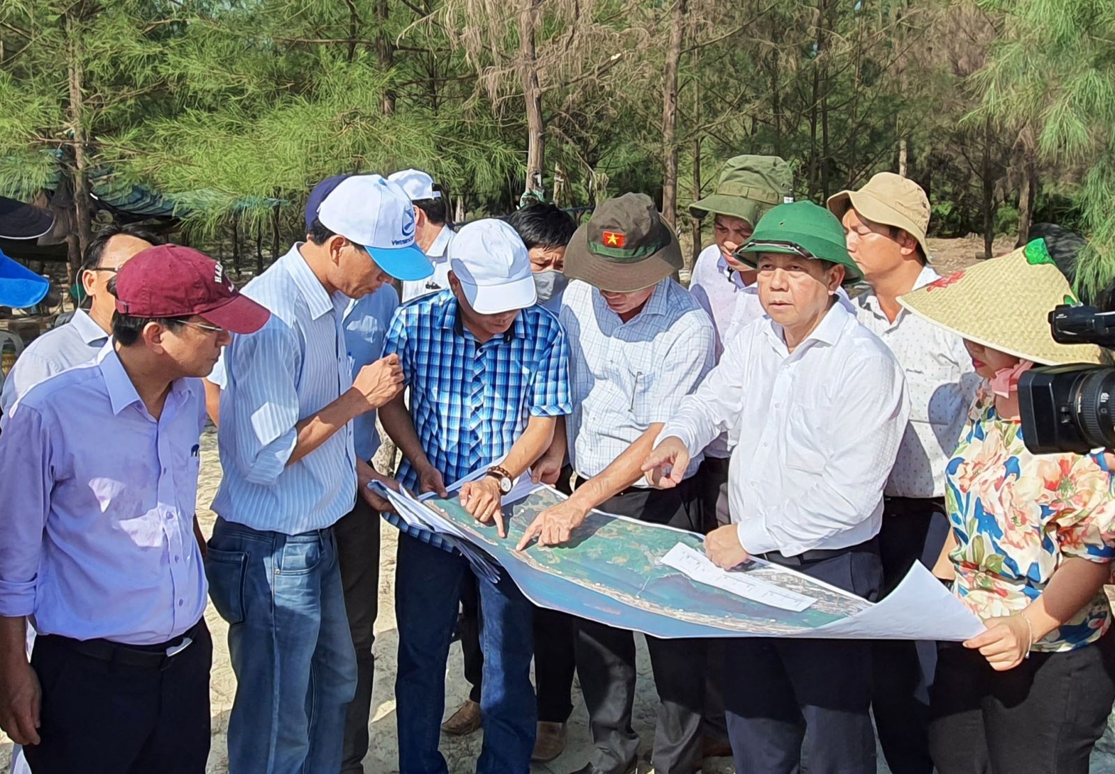 Chủ tịch UBND tỉnh Phan Ngọc Thọ khảo sát tại điểm dự kiến xây cầu vượt cửa biển Thuận An nối tuyến đường ven biển
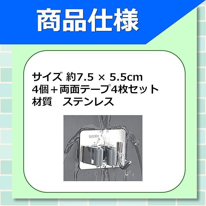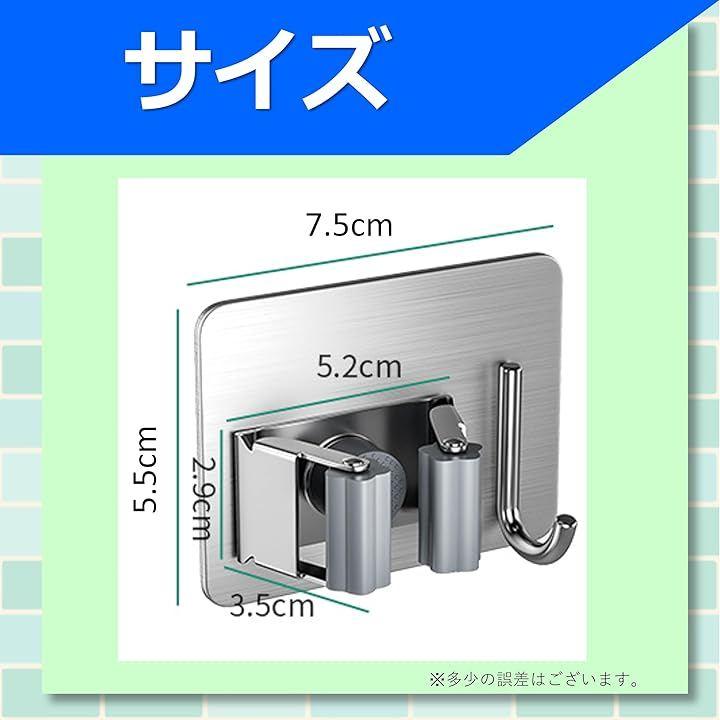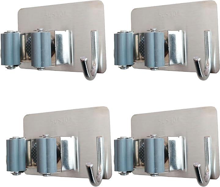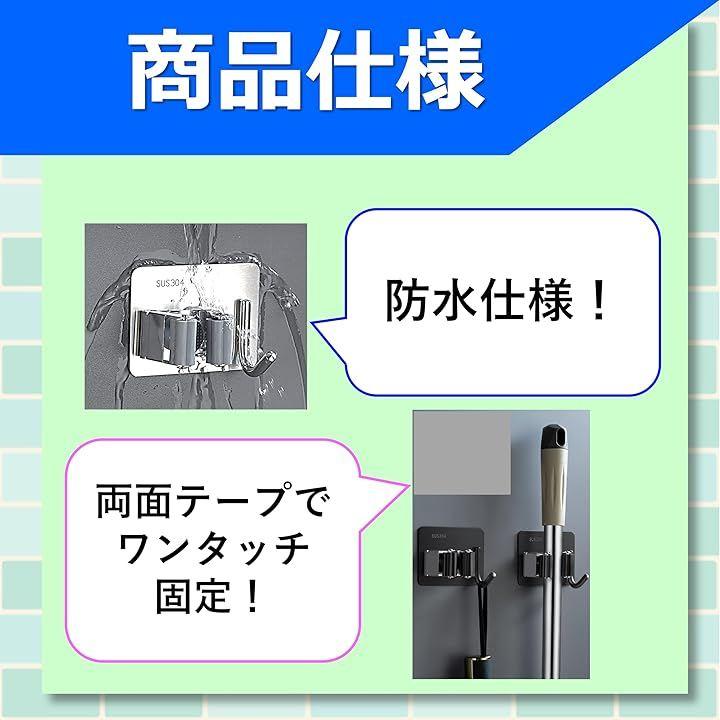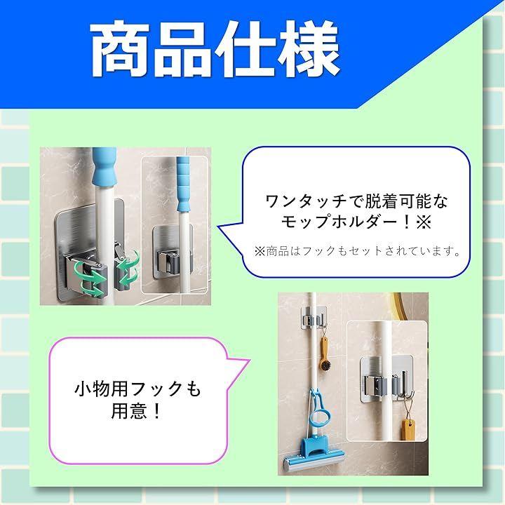 「穴あけ不要で簡単取り付け。モップホルダー4点セット」 壁を傷つけずに簡単に取り付けられる「モップホルダー4点セット」で、収納をスマートに。モップやほうき、ワイパーをしっかり固定し、散らかった掃除道具をスッキリ収納。
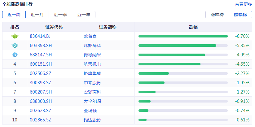 个股涨跌幅
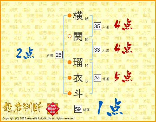 横(16画)関(19画) 瑠(14画)衣(6画)斗(4画)
⁂
§ EXERCISE DESCRIPTION:
Give the data again exactly, without pictures.

§ TASK ANSWER:
 Chủ tịch UBND tỉnh Phan Ngọc Thọ khảo sát tại điểm dự kiến xây cầu vượt cửa biển Thuận An nối tuyến đường ven biển
 「穴あけ不要で簡単取り付け。モップホルダー4点セット」 壁を傷つけずに簡単に取り付けられる「モップホルダー4点セット」で、収納をスマートに。モップやほうき、ワイパーをしっかり固定し、散らかった掃除道具をスッキリ収納。
 个股涨跌幅
 横(16画)関(19画) 瑠(14画)衣(6画)斗(4画)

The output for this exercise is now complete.